HHS said on Thursday it is “supercharging” the way it reviews compliance audits for programs that receive federal health funding, expanding its use of artificial intelligence to help detect issues that officials say require attention. The department announced the new approach as it evaluates audit reports from states and other recipients on an ongoing basis, using tools that include ChatGPT to examine large volumes of documentation.

HHS’s finance leadership described the change as an effort to move beyond a system in which required audits can pile up without follow-through. Gustav Chiarello, the assistant secretary for financial resources who is leading the program, said the department plans to “dig into” audit submissions rather than treating them as paperwork that “lands with a thud and no one does anything about it.”

The initiative is designed around the federal audit requirement that applies to states, local governments, nonprofits and higher education institutions that spend at least $1 million in federal money each year. Those entities are required to submit annual audits, and HHS said the new initiative will use AI to analyze those audit reports from HHS-funded programs, including state Medicaid programs and federal grantees in areas such as research and addiction services.

HHS said recipients that do not file the required reports or do not resolve problems identified in them could face loss of funding. The department said it has already begun formal outreach, stating it sent letters to governors and treasurers in all 50 states to notify them of the new enforcement approach.

One of the letters reviewed by the Associated Press told state officials that HHS will no longer treat chronic audit noncompliance, repeat deficiencies, material weaknesses or delinquent audit obligations as matters that may remain unresolved through indefinite informal follow-up. HHS officials said the change reflects a broader push to pursue accountability in programs funded with federal health dollars.

The announcement also builds on HHS’s earlier adoption of generative AI for work tied to Medicaid investigations, administrative tasks and text editing, HHS said. In discussing the program’s safeguards, Chiarello said officials were evaluating public reports rather than uncovering new information, and he said the tools are intended to help grantees become better stewards of federal dollars.

The announcement comes as the Trump administration and Vice President JD Vance’s anti-fraud task force have promoted crackdowns in Medicaid and Medicare, as well as efforts aimed at student loan applications and other areas.

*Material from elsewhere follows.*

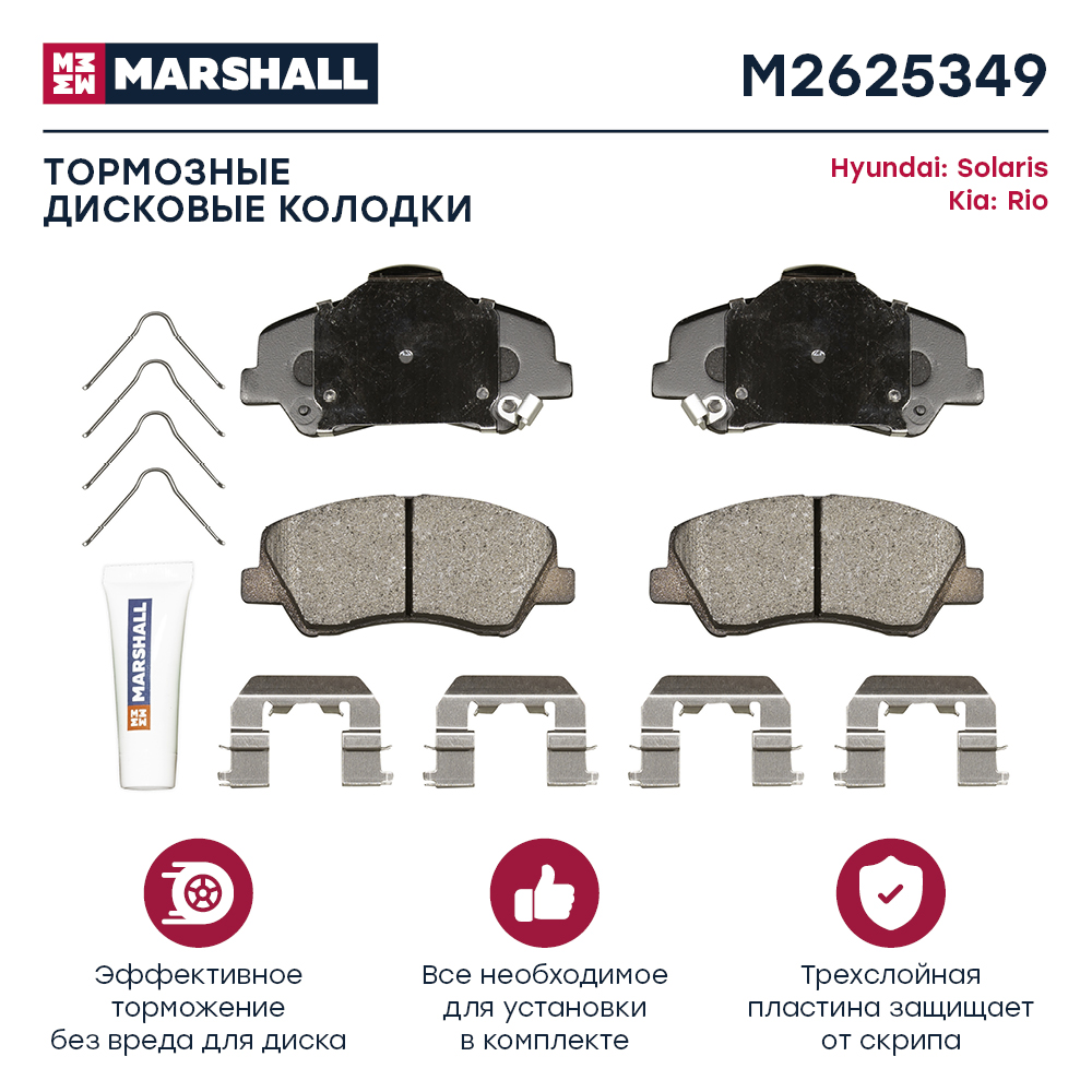 M2625349 MARSHALL Торм. колодки дисковые передн. Hyundai Solaris II 17- Kia Rio IV 17- !с отв. под
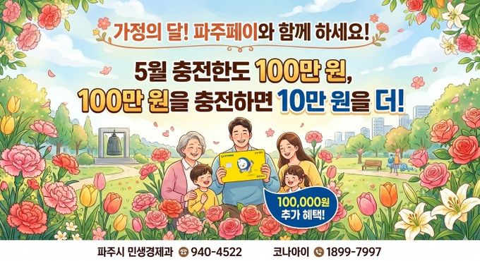 [경기경제신문] 파주시는 5월 가정의 달을 맞아 5월 1일부터 5월 31일까지 한 달간 지역화폐 파주페이의 월 충전한도를 기존 70만 원에서 100만 원으로 상향한다.

The use of AI technology to flag likely fraud has been part of that broader effort, according to remarks by Federal Trade Commission Chairman Andrew Ferguson in a Fox News appearance.

Critics said the administration’s approach is not sufficiently concerned with fraud as such, and they questioned whether AI can be used fairly and nonpartisanly in the compliance process. Rob Weissman, co-president of Public Citizen, said he does not trust the administration to use AI tools in a fair and nonpartisan way, describing the AI as “kind of beside the point” in assessing what the administration’s objectives are.

HHS acknowledged to the Associated Press, in at least one instance, that it made a major mistake in data used to help justify a New York Medicaid fraud investigation. Asked about safeguards against the AI tools making mistakes, Chiarello said HHS was reviewing public reports and said the program’s intent was to support more effective compliance by recipients of federal funds.

At the same time, Chiarello said he has been in contact with counterparts in other federal departments, suggesting the department hopes other agencies would adopt similar technology. He said it would be “fairly easy” for other agencies to use HHS’s technology and “jump on it,” framing the move as a model the government could extend more widely.

In interviews and letters tied to the program, HHS presented the expansion as a targeted effort to increase enforcement against audit noncompliance and to identify issues earlier, using AI tools to process audit reports at scale. The department’s rollout, however, also underlines the challenge of using AI systems in government oversight—particularly when officials and critics raise concerns about accuracy, errors and potential biases.